There are several other tweaks to the CSS for the table, but nothing
particularly difficult.

The problem is that they also print this page frequently. With the
fixed heights assigned to the elements' styles, the printed version is
cut short at that height. It's easy enough in the print stylesheet to
override the relevant heights when they are assigned via a general
stylesheet, but not when the element itself has a height assigned.

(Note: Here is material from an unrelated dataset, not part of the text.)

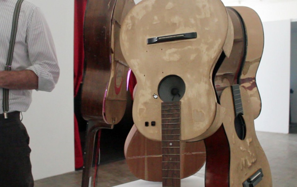 Collecting broken guitars, I played with how they looked, taking them apart, breaking them, sanding them and putting them back together. Deconstructing and reconstructing them creates an interesting aesthetic that keeps the familiarity of the instrument and is in keeping with the concept of re-thinking how a familiar instrument can be ‘played’. The placing of the guitars was based on old sketches and the title, The Honest Time, is adapted from the title of a song I wrote which the ambient composition is based upon.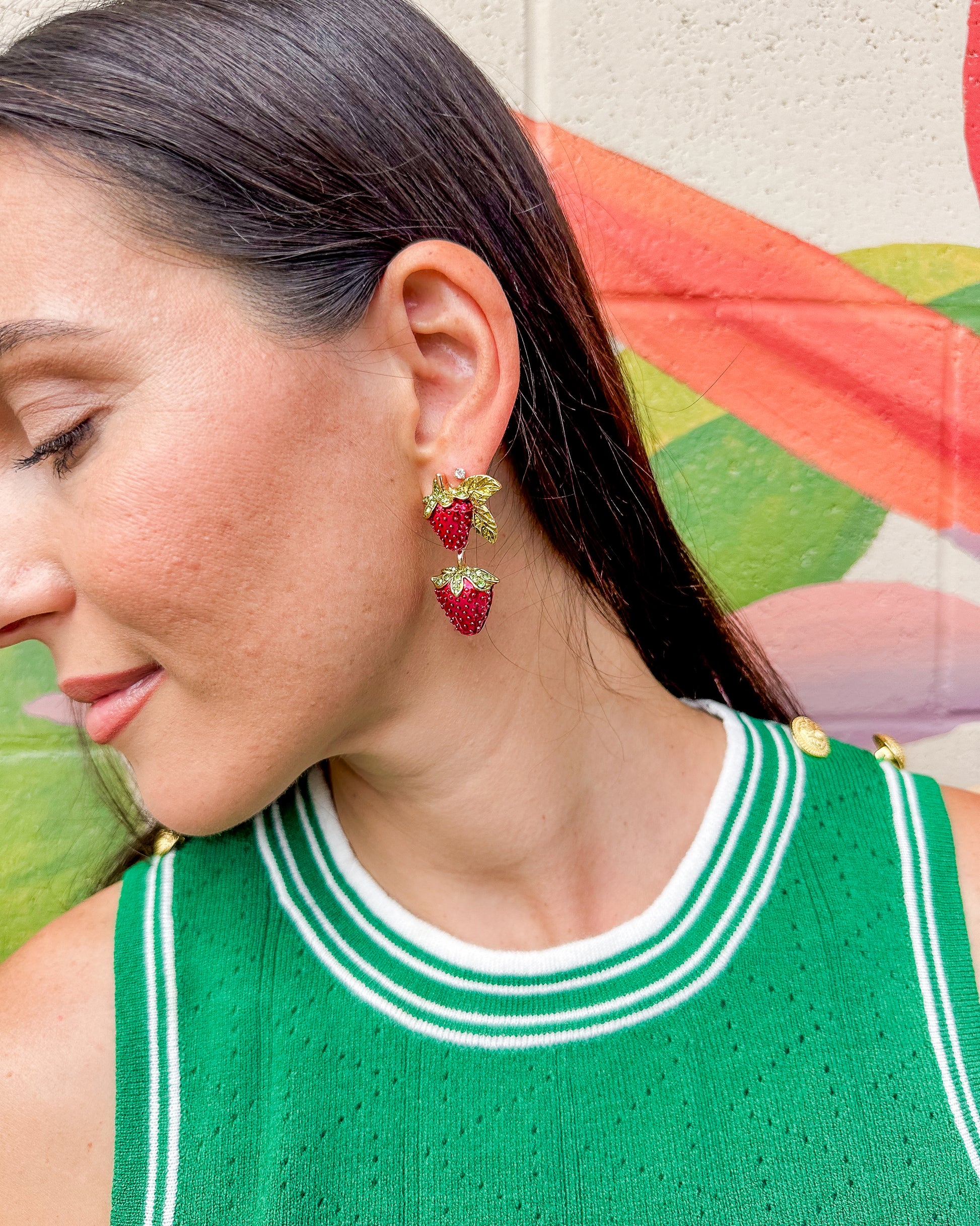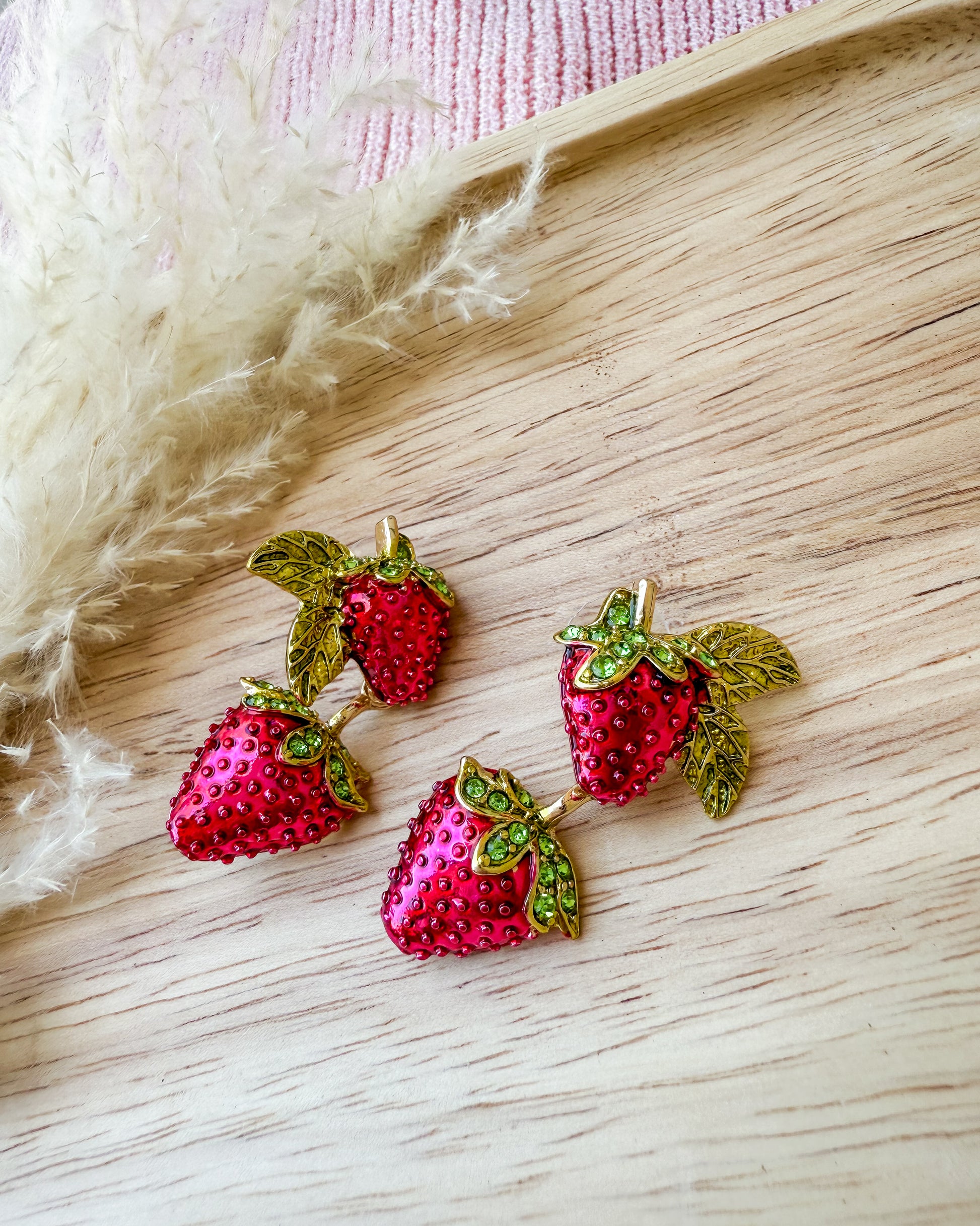 These fun strawberry earrings are berry cute and you definitely need them! Bright pink berries accented with chartreuse green leaves are the perfect combo for summer. Stud backing.

So what I'm thinking of doing on re-size is to simply replace or
overwrite a STYLE element that determines the heights of those
elements. I know the techniques to do this, but I'm wondering if this
is asking for trouble. I will do some sort of debouncing to prevent
it from happening on every pixel of reusize, of course, but it's still
going to happen fairly frequently.

Of course I have considered other solutions, and perhaps I will end up
with one of those. I could use two separate tables with the same
column definitions and make the headers position:fixed. Or I could
add a "Print" button that displayed an alternate version of my table.
I've never liked the first one, but it may be my best bet. If I do
it, though, the headers will not appear on every page of the printed
output -- uggh! The second one is probably my last fallback as the
users are used to just printing from the browser's controls and would
not want the change.

So, does anyone have advice about changing stylesheets as frequently
as proposed?

Or do you have other good suggestions about how to get a page where
the table headers don't scroll away but the whole page prints easily?

Thanks,

--
Scott
From: Scott Sauyet on
On May 6, 10:41 am, Scott Sauyet <scott.sau...(a)gmail.com> wrote:

> For a small intranet app (no more than a few dozen users, targeting
> Firefox, but would like to have it work in IE7/8 as well) that I'm
> starting to modify, one requirement is that the main tables that are
> the only substantial content on several pages need to keep the headers
> visible when the user scrolls.

Okay, if I bring that sentence in for a fitting, perhaps it can be
shortened by Wednesday? :-)

More simply:

I'm taking over the maintenance and enhancements of a small intranet
application. It has fewer than 50 users, all of whom usually use
Firefox for it. I would prefer that it also works in IE7/8, though.
Several pages have no significant content beyond a single large
table. On those pages, the users would like to have the headers
visible as they scroll the page. But they also want the standard
repeating header behavior when the page is printed.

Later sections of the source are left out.